**EXERCISE DIRECTIONS:** The expected output is the data below, character for character, without its pictures.

**STORED DATA:**
=====
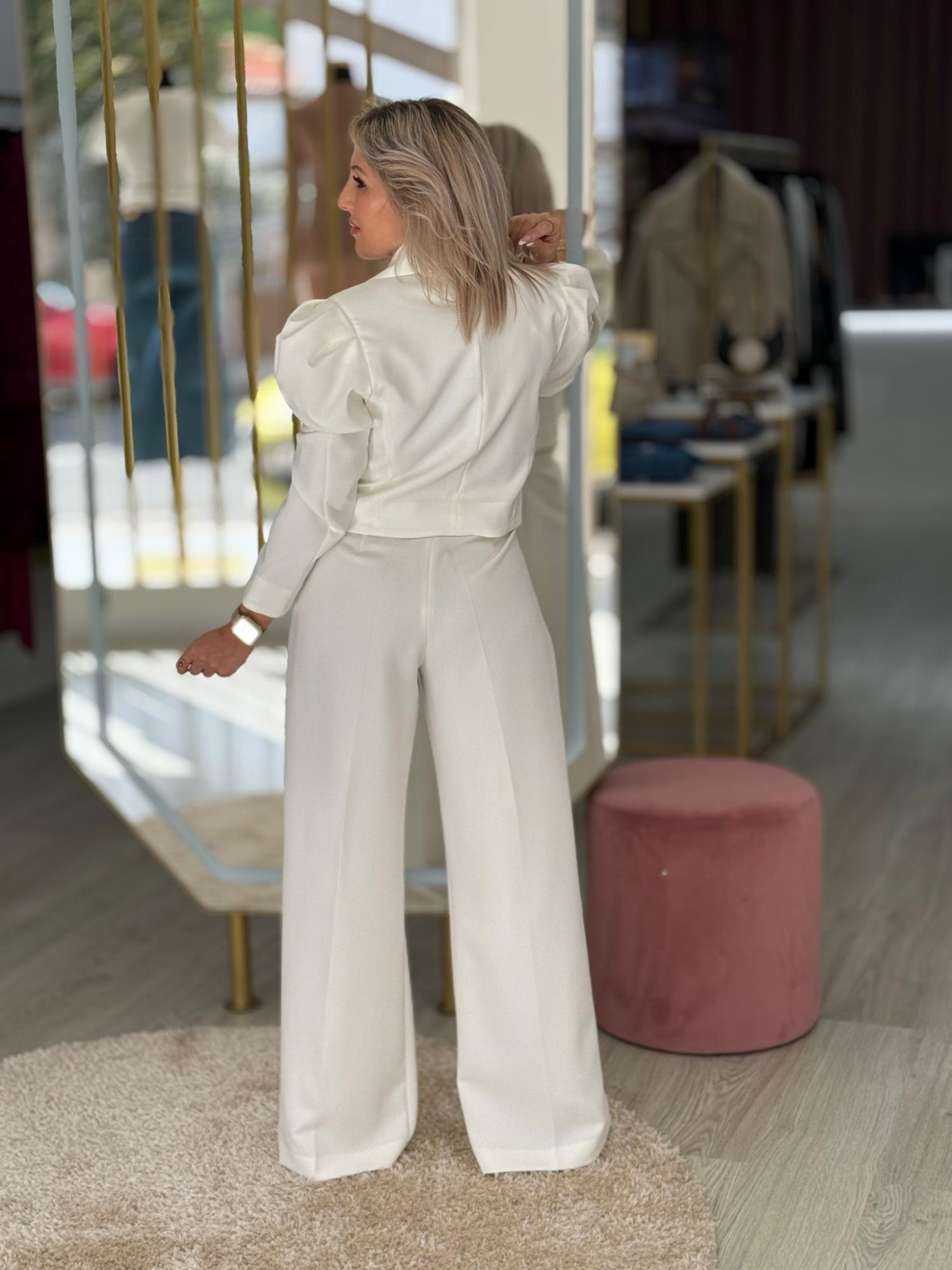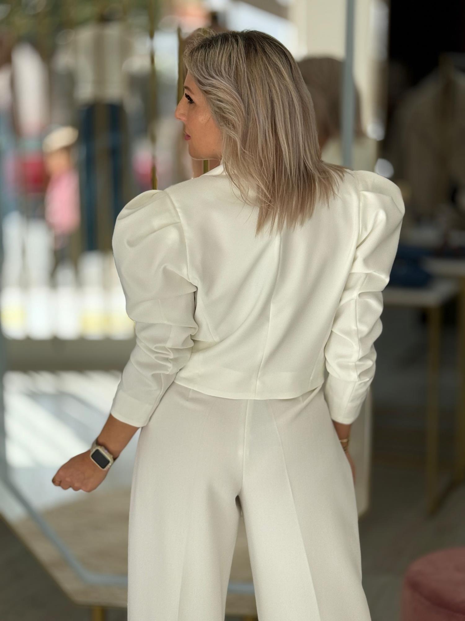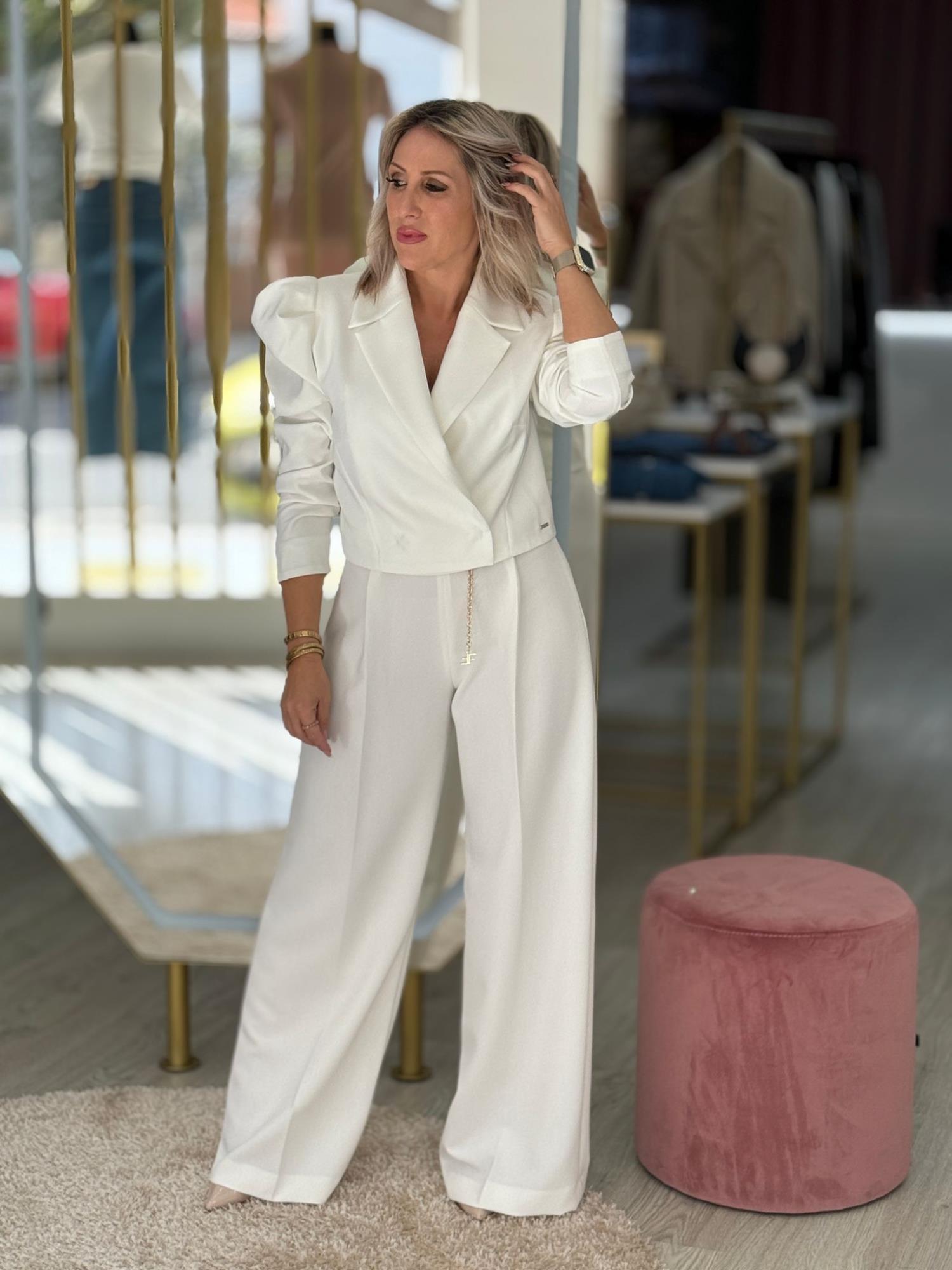 Blazer clássico curto com manga comprida. Manga balão. Fecho em trespasse frontal. Com botões de presilha interiores.
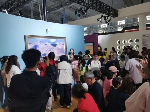 在中俄美术家主题油画作品展厅,逼真的长白山风景引得学生们驻足惊叹:“画得跟照片一样!我去过长白山,这景色太熟悉了!”
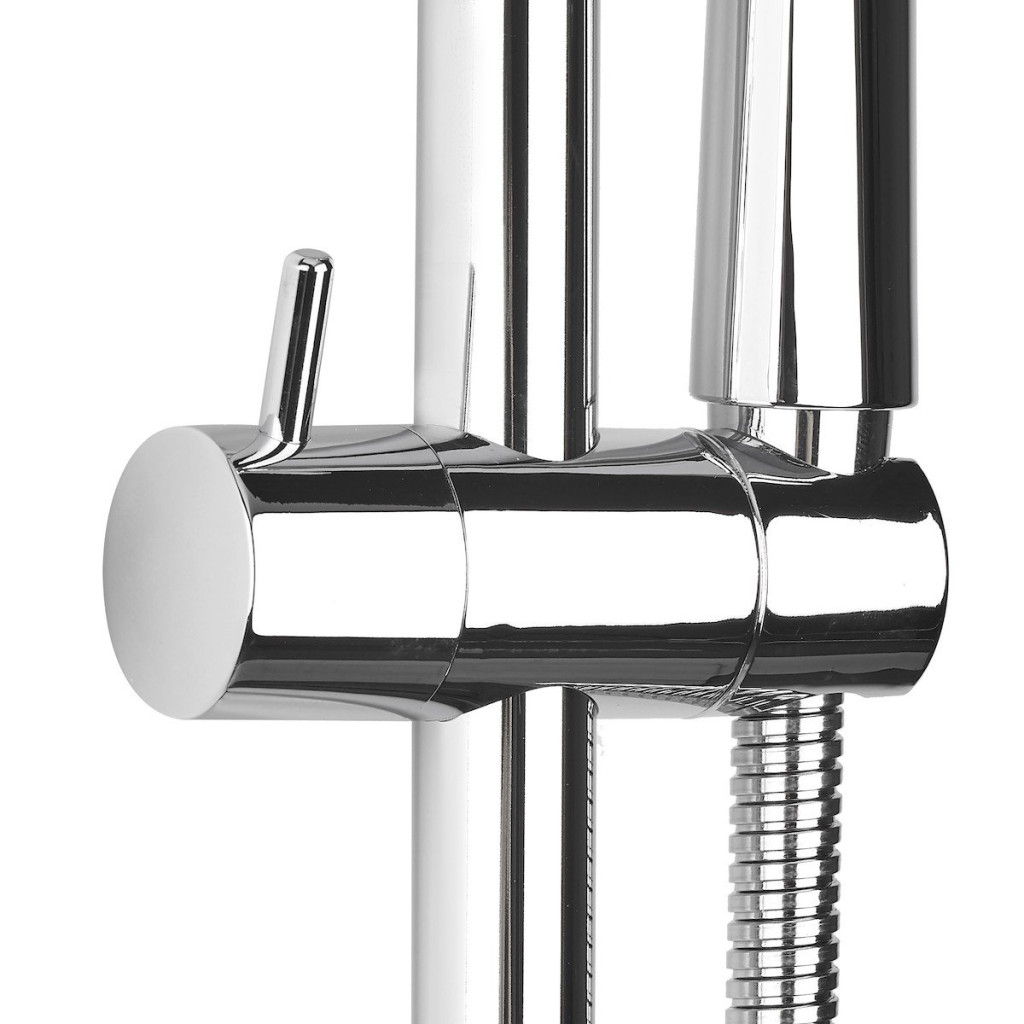 Výhodou sprchového setu e je nastavitelnost výšky držáku sprchy, proto sprchovou tyč ocení převážně ti, u nichž se v domácnosti v koupelně střídá vice osob, například i děti.
=====
**RESPONSE TO THIS EXERCISE:**
 Blazer clássico curto com manga comprida. Manga balão. Fecho em trespasse frontal. Com botões de presilha interiores.
 在中俄美术家主题油画作品展厅,逼真的长白山风景引得学生们驻足惊叹:“画得跟照片一样!我去过长白山,这景色太熟悉了!”
 Výhodou sprchového setu e je nastavitelnost výšky držáku sprchy, proto sprchovou tyč ocení převážně ti, u nichž se v domácnosti v koupelně střídá vice osob, například i děti.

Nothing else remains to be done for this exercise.